Task description — A letter-for-letter copy of the listing is required, with no pictures in it.

Material for the task —
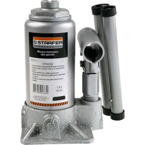 Macaco Tipo Garrafa 10 Toneladas Starfer é indicado para elevação de veículos ou cargas de acordo com a sua capacidade. Medidas de elevação: 20,5 cm á 40,5 cm
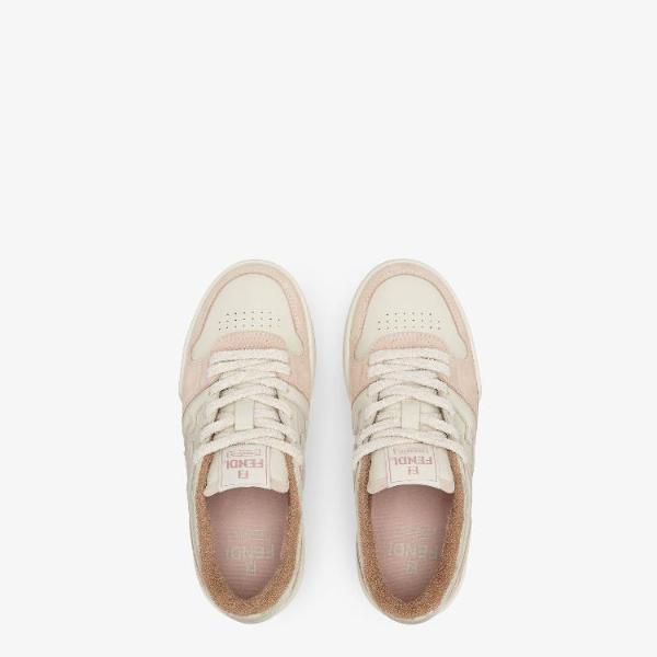 <h3>제품 설명</h3> Fendi Match compact design sneakers with vintage label on tongue. Branded with FF pattern sewn on the side and embossed Fendi lettering on the sole. Made of pink suede with white leather details. Embellished with tone on tone terry collar and laces. Covered rubber cupsole with light beige bumper. The style includes a second pair of white terry laces. Made in Italy
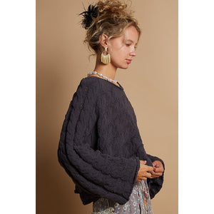 This semi-cropped top features a round neck and full sleeves, crafted from soft chenille sweater fabric for a cozy feel. The twisted cable detail adds a unique texture, enhancing its style with a pointed solid pattern. Perfect for pairing with high-waisted jeans or skirts, this top brings a chic and trendy vibe to any outfit. Ideal for cooler days, it combines comfort with a touch of elegance, making it a versatile addition to your wardrobe!
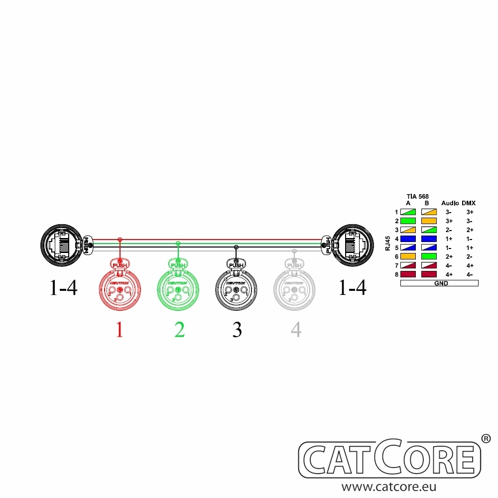 STECKERTYPEN UND KANALZUORDNUNG : 2x Ethercon, 4x XLR 3pol female / 6,3mm Klinke Combicon , Kanal 1-4. Pinbelegung Ethercon/RJ45 nach CatCore Standard.
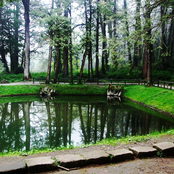 游览路线是从沼平车站出发,经由姊妹潭、受镇宫,然后到达巨木群栈道,最后返回到阿里山车站。出了车站,天空已经完全明亮,心情一片舒畅,然而清晨的低温却在下一刻将衣衫单薄的我拉回现实,真的好冷。所以看日出一定要穿得严实,不然就只能挨冻啦~~走过阿里山阁大饭店后,就能看到森林步道的入口。我觉得漫步在步道是一次难得亲近自然的机会,习惯在城市水泥路上疾行的我们在这里接受心灵的“慢”修行,慢慢地欣赏形状各异的林木,反之,走马观花地掠过是一种浪费,一种亵渎。平时羞于在大众面前表现的你也可以边走边哼唱着熟悉的曲调,放开自我,不必陷入拘谨。阿里山的姊妹潭是两个大小不一而邻近的湖泊,周围有长180公尺的环潭步道。潭水清澈,能清晰地倒映出树林天空的像。潭上有两座桧木大树头根为基,稻草为顶的小亭,驻留亭间,环顾四周,景色着实宜人。神木火车站此时比较冷清,因为从阿里山车站及照片车站没有到达神木车站方向的火车,只有神木车站到阿里山车站的单向,正常路线是游客们从沼平车站出站后徒步下到神木车站,再从这里乘火车返回到神木车站,而我们的脚程比较快,领先于大部分游客。阿里山巨木群栈道可以说是阿里山森林游乐园里最大的亮点,古老的巨木群,天然的氧吧,视觉与嗅觉的完美体验。走在林间,会觉得人显得很渺小,四周都是7,8米以上的树木。岁月更迭,它们经历了多少个次四季变换,摸一下那粗壮的躯干,闭上眼,仿佛感受到时间长河的流淌。 展开
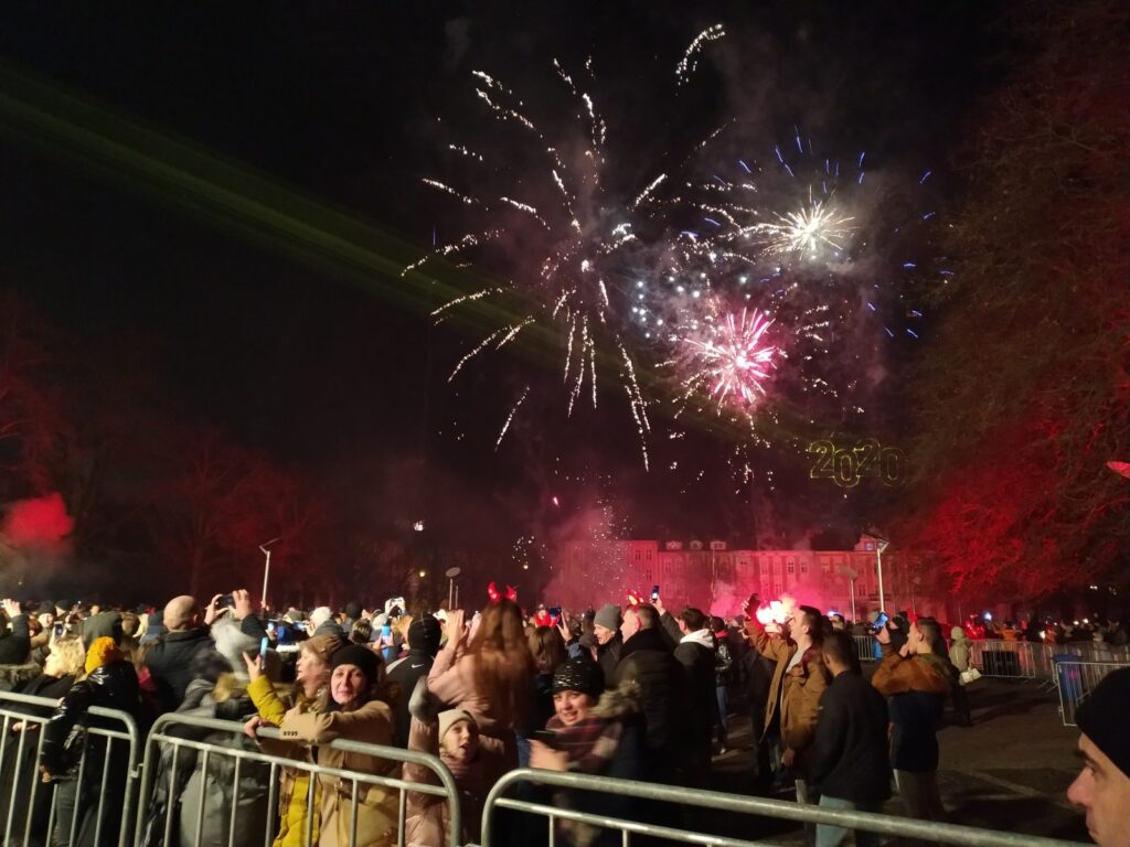 Kilka tysięcy gorzowian przywitało nowy 2020 rok na Placu Grunwaldzkim z władzami miasta i grupą Komodo. Z kilku kilometrów słychać było w mieście muzykę taneczną i reakcję mieszkańców na to co działo się na scenie Miejskiego Sylwestra.
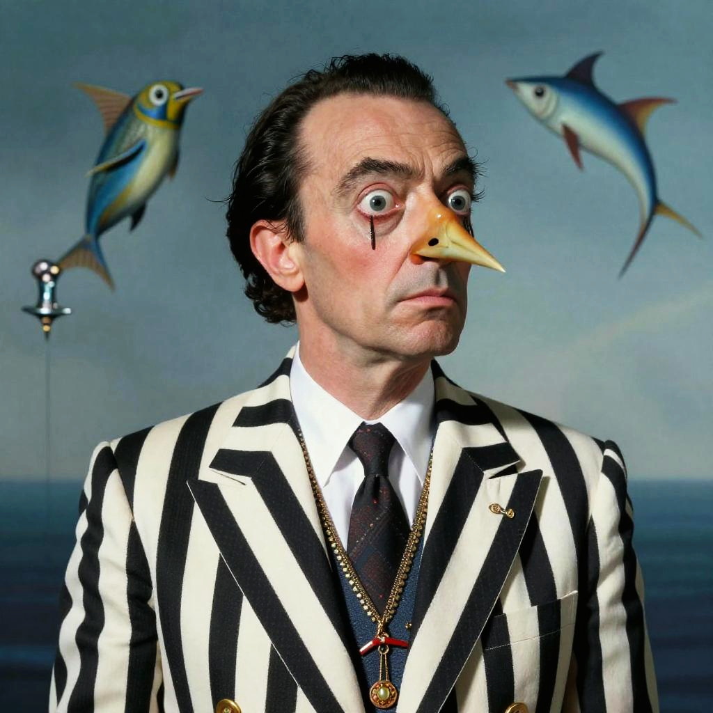 Realistic photo.A man with a bird-like face, set against a conceptual background representing Neptune in Pisces. Dressed in a black and white striped and checkered suit, the style combines influences of Salvador Dalí, Surrealism. Rendered as a hyperrealistic photo, the composition captures a surreal, Farinetti-inspired artwork concept, with intricate, futuristic details and a thought-provoking aesthetic. realistic photo
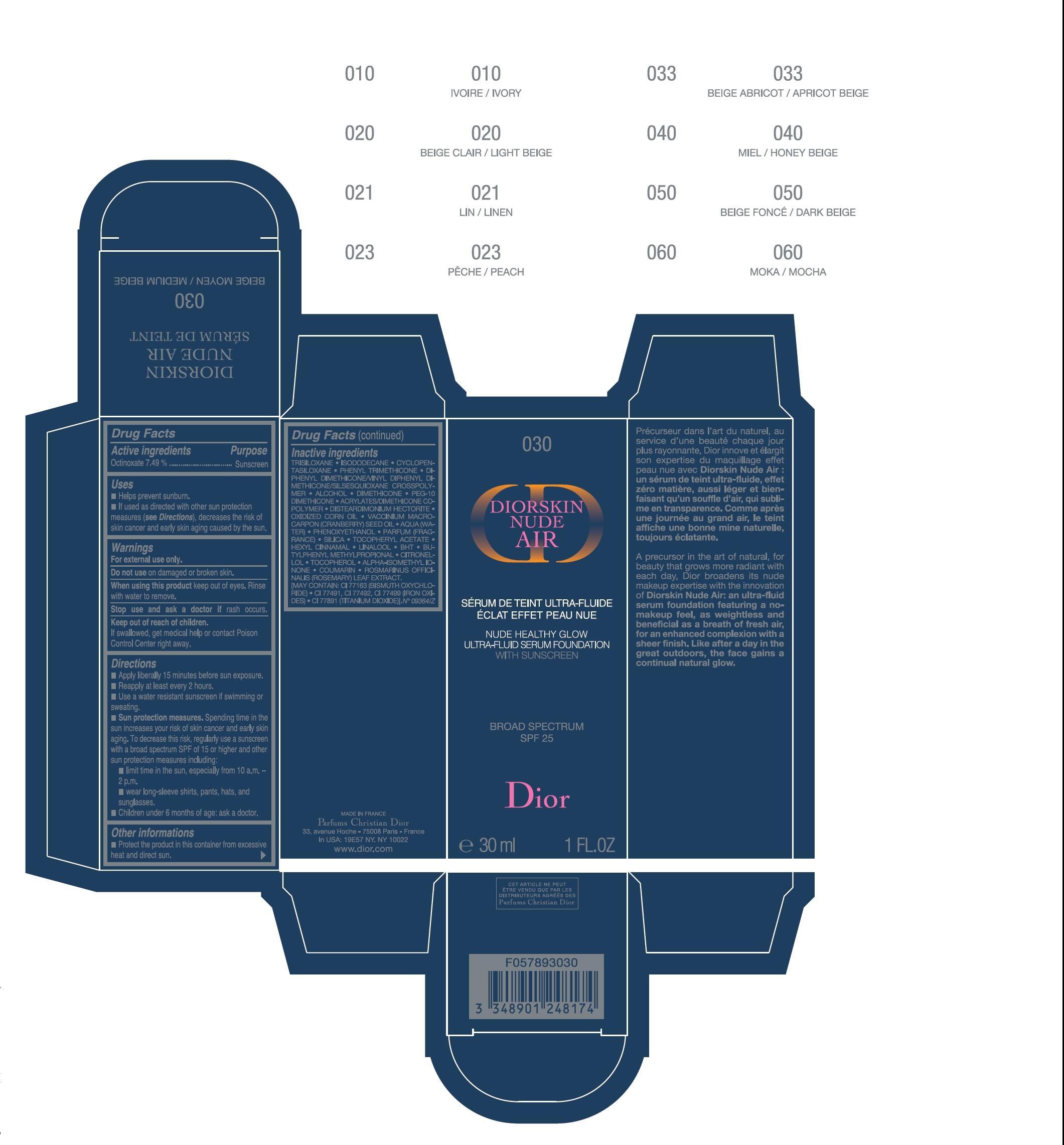 The following 2 images provide visual information about the product associated with Diorskin Nude Air Nude Healthy Glow Ultra-fluid Serum Foundation With Sunscreen Broad Spectrum Spf25 030 Medium NDC 61957-2124 by Parfums Christian Dior, such as packaging, labeling, and the appearance of the drug itself. This resource could be helpful for medical professionals, pharmacists, and patients seeking to verify medication information and ensure they have the correct product.
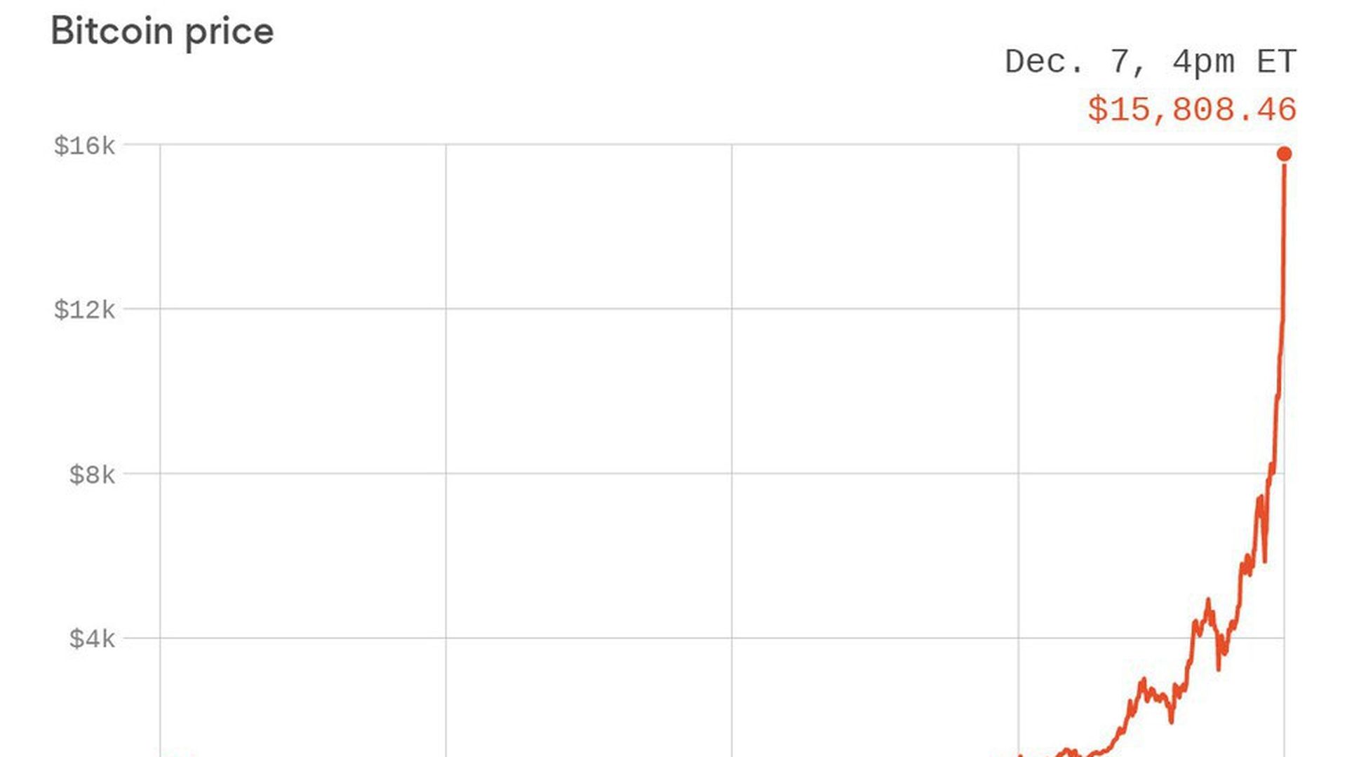 Wall Street Journal lead story: "Bitcoin's Wildest Rise Yet: 40% in 40 Hours."The price of bitcoin is up more than 1,500% percent this year. Next week traders will get a way to bet the price goes down, Axios' Chris Matthews writes:

Exercise solution —
 Macaco Tipo Garrafa 10 Toneladas Starfer é indicado para elevação de veículos ou cargas de acordo com a sua capacidade. Medidas de elevação: 20,5 cm á 40,5 cm
 <h3>제품 설명</h3> Fendi Match compact design sneakers with vintage label on tongue. Branded with FF pattern sewn on the side and embossed Fendi lettering on the sole. Made of pink suede with white leather details. Embellished with tone on tone terry collar and laces. Covered rubber cupsole with light beige bumper. The style includes a second pair of white terry laces. Made in Italy
 This semi-cropped top features a round neck and full sleeves, crafted from soft chenille sweater fabric for a cozy feel. The twisted cable detail adds a unique texture, enhancing its style with a pointed solid pattern. Perfect for pairing with high-waisted jeans or skirts, this top brings a chic and trendy vibe to any outfit. Ideal for cooler days, it combines comfort with a touch of elegance, making it a versatile addition to your wardrobe!
 STECKERTYPEN UND KANALZUORDNUNG : 2x Ethercon, 4x XLR 3pol female / 6,3mm Klinke Combicon , Kanal 1-4. Pinbelegung Ethercon/RJ45 nach CatCore Standard.
 游览路线是从沼平车站出发,经由姊妹潭、受镇宫,然后到达巨木群栈道,最后返回到阿里山车站。出了车站,天空已经完全明亮,心情一片舒畅,然而清晨的低温却在下一刻将衣衫单薄的我拉回现实,真的好冷。所以看日出一定要穿得严实,不然就只能挨冻啦~~走过阿里山阁大饭店后,就能看到森林步道的入口。我觉得漫步在步道是一次难得亲近自然的机会,习惯在城市水泥路上疾行的我们在这里接受心灵的“慢”修行,慢慢地欣赏形状各异的林木,反之,走马观花地掠过是一种浪费,一种亵渎。平时羞于在大众面前表现的你也可以边走边哼唱着熟悉的曲调,放开自我,不必陷入拘谨。阿里山的姊妹潭是两个大小不一而邻近的湖泊,周围有长180公尺的环潭步道。潭水清澈,能清晰地倒映出树林天空的像。潭上有两座桧木大树头根为基,稻草为顶的小亭,驻留亭间,环顾四周,景色着实宜人。神木火车站此时比较冷清,因为从阿里山车站及照片车站没有到达神木车站方向的火车,只有神木车站到阿里山车站的单向,正常路线是游客们从沼平车站出站后徒步下到神木车站,再从这里乘火车返回到神木车站,而我们的脚程比较快,领先于大部分游客。阿里山巨木群栈道可以说是阿里山森林游乐园里最大的亮点,古老的巨木群,天然的氧吧,视觉与嗅觉的完美体验。走在林间,会觉得人显得很渺小,四周都是7,8米以上的树木。岁月更迭,它们经历了多少个次四季变换,摸一下那粗壮的躯干,闭上眼,仿佛感受到时间长河的流淌。 展开
 Kilka tysięcy gorzowian przywitało nowy 2020 rok na Placu Grunwaldzkim z władzami miasta i grupą Komodo. Z kilku kilometrów słychać było w mieście muzykę taneczną i reakcję mieszkańców na to co działo się na scenie Miejskiego Sylwestra.
 Realistic photo.A man with a bird-like face, set against a conceptual background representing Neptune in Pisces. Dressed in a black and white striped and checkered suit, the style combines influences of Salvador Dalí, Surrealism. Rendered as a hyperrealistic photo, the composition captures a surreal, Farinetti-inspired artwork concept, with intricate, futuristic details and a thought-provoking aesthetic. realistic photo
 The following 2 images provide visual information about the product associated with Diorskin Nude Air Nude Healthy Glow Ultra-fluid Serum Foundation With Sunscreen Broad Spectrum Spf25 030 Medium NDC 61957-2124 by Parfums Christian Dior, such as packaging, labeling, and the appearance of the drug itself. This resource could be helpful for medical professionals, pharmacists, and patients seeking to verify medication information and ensure they have the correct product.
 Wall Street Journal lead story: "Bitcoin's Wildest Rise Yet: 40% in 40 Hours."The price of bitcoin is up more than 1,500% percent this year. Next week traders will get a way to bet the price goes down, Axios' Chris Matthews writes:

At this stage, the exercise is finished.